ACTION ITEM:
Repeat every record below exactly, leaving out the pictures.

MATERIAL FOR THE TASK:

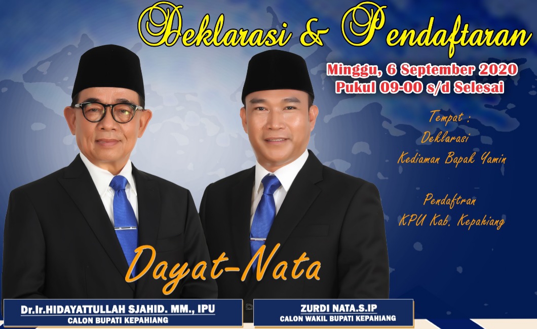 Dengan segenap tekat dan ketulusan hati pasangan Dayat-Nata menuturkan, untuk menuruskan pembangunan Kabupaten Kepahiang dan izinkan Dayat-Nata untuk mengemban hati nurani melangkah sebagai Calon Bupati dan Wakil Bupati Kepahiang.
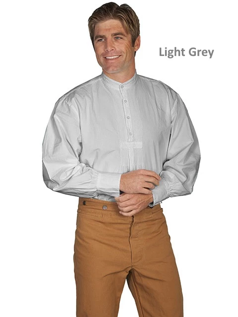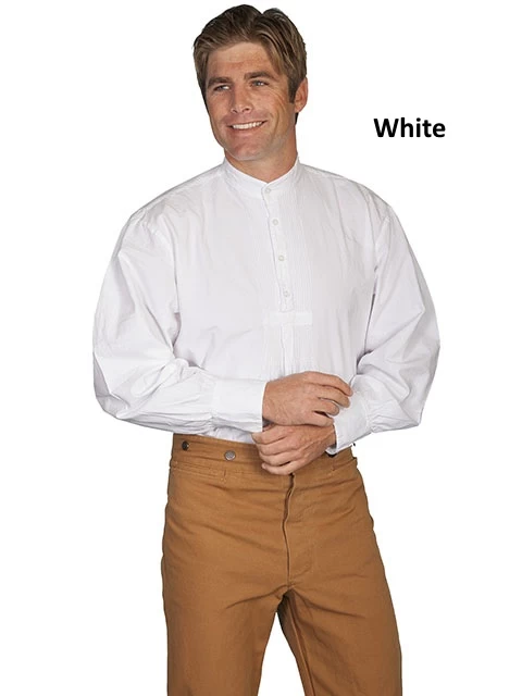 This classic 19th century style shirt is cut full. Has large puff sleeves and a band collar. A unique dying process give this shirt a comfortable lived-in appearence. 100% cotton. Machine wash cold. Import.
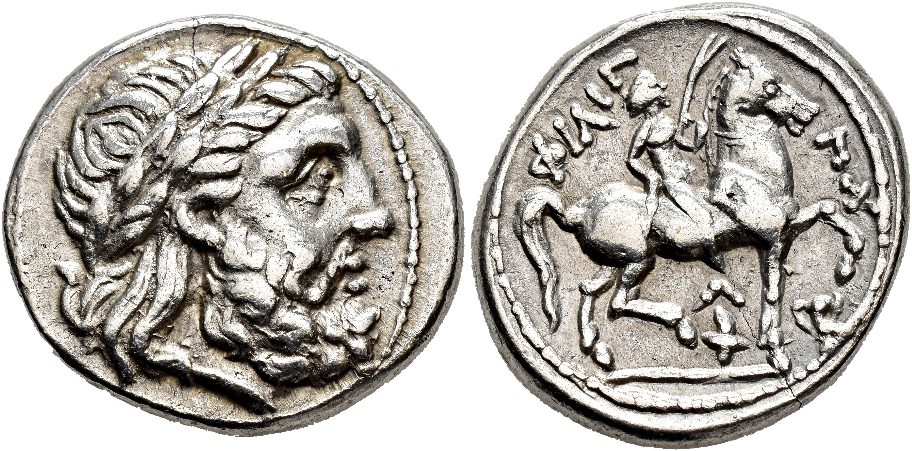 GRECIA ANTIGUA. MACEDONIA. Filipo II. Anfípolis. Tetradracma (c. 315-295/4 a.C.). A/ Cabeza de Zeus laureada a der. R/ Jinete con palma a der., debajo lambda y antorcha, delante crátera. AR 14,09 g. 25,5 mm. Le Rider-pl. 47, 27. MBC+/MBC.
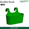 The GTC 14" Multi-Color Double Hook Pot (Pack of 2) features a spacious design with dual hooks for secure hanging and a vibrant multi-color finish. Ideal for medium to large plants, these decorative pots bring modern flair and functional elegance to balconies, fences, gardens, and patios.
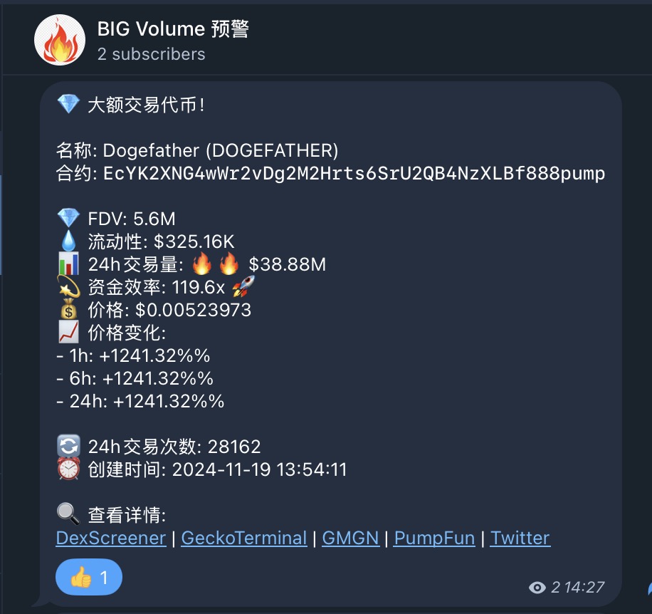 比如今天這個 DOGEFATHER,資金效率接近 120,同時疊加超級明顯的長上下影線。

SOLUTION TO THIS TASK:
 Dengan segenap tekat dan ketulusan hati pasangan Dayat-Nata menuturkan, untuk menuruskan pembangunan Kabupaten Kepahiang dan izinkan Dayat-Nata untuk mengemban hati nurani melangkah sebagai Calon Bupati dan Wakil Bupati Kepahiang.
 This classic 19th century style shirt is cut full. Has large puff sleeves and a band collar. A unique dying process give this shirt a comfortable lived-in appearence. 100% cotton. Machine wash cold. Import.
 GRECIA ANTIGUA. MACEDONIA. Filipo II. Anfípolis. Tetradracma (c. 315-295/4 a.C.). A/ Cabeza de Zeus laureada a der. R/ Jinete con palma a der., debajo lambda y antorcha, delante crátera. AR 14,09 g. 25,5 mm. Le Rider-pl. 47, 27. MBC+/MBC.
 The GTC 14" Multi-Color Double Hook Pot (Pack of 2) features a spacious design with dual hooks for secure hanging and a vibrant multi-color finish. Ideal for medium to large plants, these decorative pots bring modern flair and functional elegance to balconies, fences, gardens, and patios.
 比如今天這個 DOGEFATHER,資金效率接近 120,同時疊加超級明顯的長上下影線。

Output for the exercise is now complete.